What you are asked to do: Omitting all images, transcribe the listing word for word.

Given information:
-=-=-=-=-

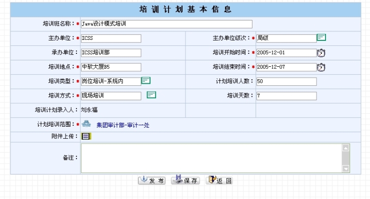 此页面和添加培训计划页面十分相似,只是将已有的计划信息填入了各个域,修改完毕后点击“保存”按钮,则将其保存为“草稿”状态,点击“发布”按钮,则将其存为“发布”状态。
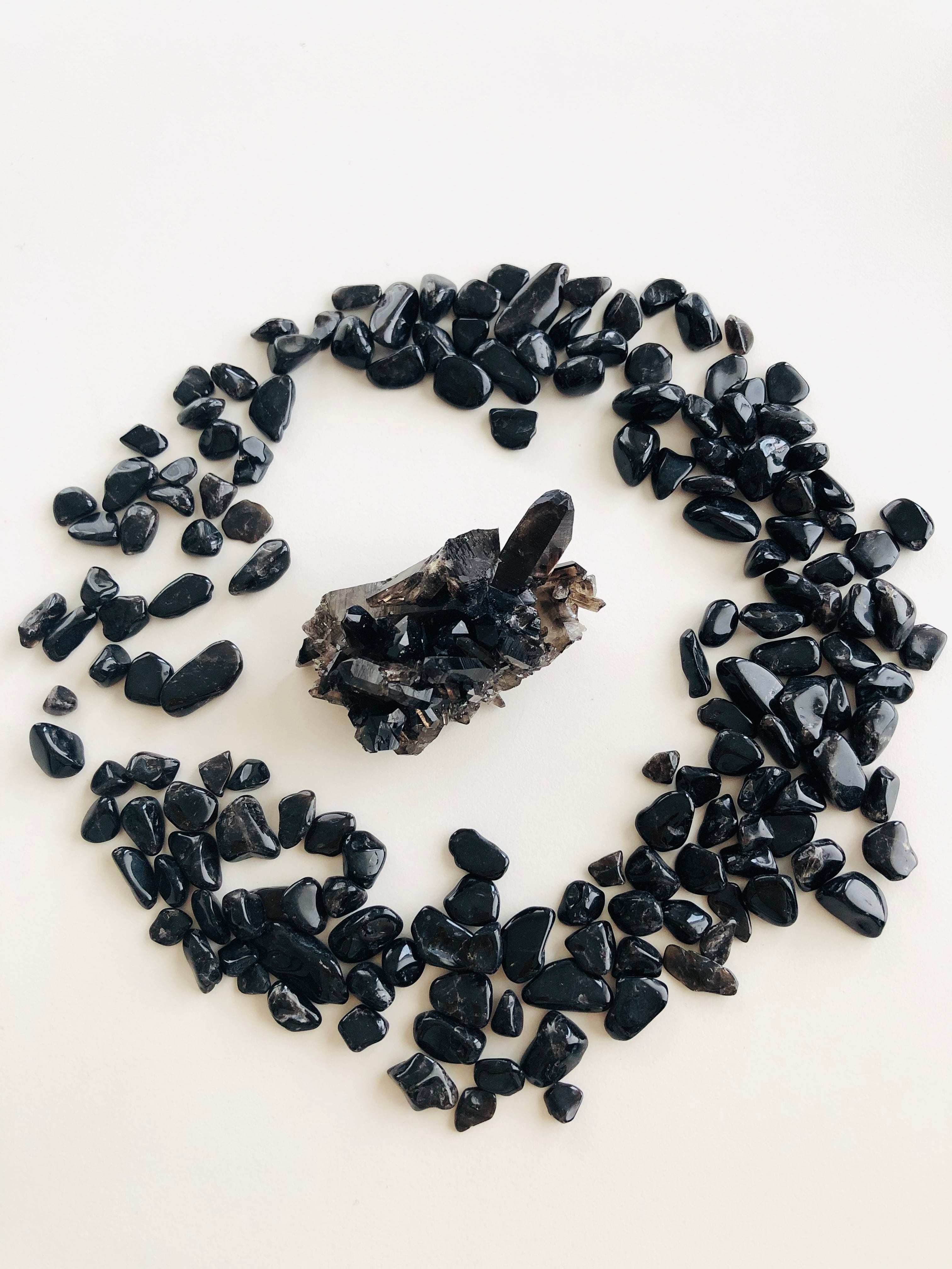黒水晶(モリオン)のクラスター&さざれ石セット。
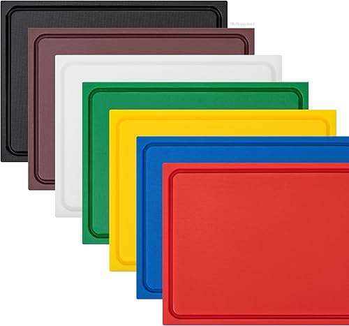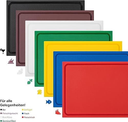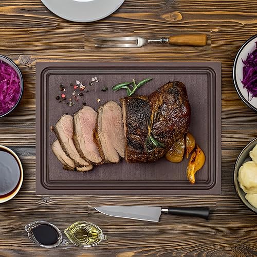 MUVELL Planche à découper en plastique PE-HD Marron, 45x30x2 cm, ECOline passe au lave-vaisselle, extra épaisse, n'abîme pas les couteaux | Planche à découper pour viande rôtie HACCP
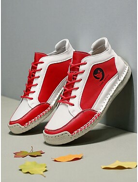 Røde og hvite damesko i casual-stil – myk og fleksibel såle, retro sportsstil, ideell for høytidsantrekk, daglige ærender, turer utendørs og juletema-antrekk

-=-=-=-=-

Result of the exercise:
 此页面和添加培训计划页面十分相似,只是将已有的计划信息填入了各个域,修改完毕后点击“保存”按钮,则将其保存为“草稿”状态,点击“发布”按钮,则将其存为“发布”状态。
黒水晶(モリオン)のクラスター&さざれ石セット。
 MUVELL Planche à découper en plastique PE-HD Marron, 45x30x2 cm, ECOline passe au lave-vaisselle, extra épaisse, n'abîme pas les couteaux | Planche à découper pour viande rôtie HACCP
 Røde og hvite damesko i casual-stil – myk og fleksibel såle, retro sportsstil, ideell for høytidsantrekk, daglige ærender, turer utendørs og juletema-antrekk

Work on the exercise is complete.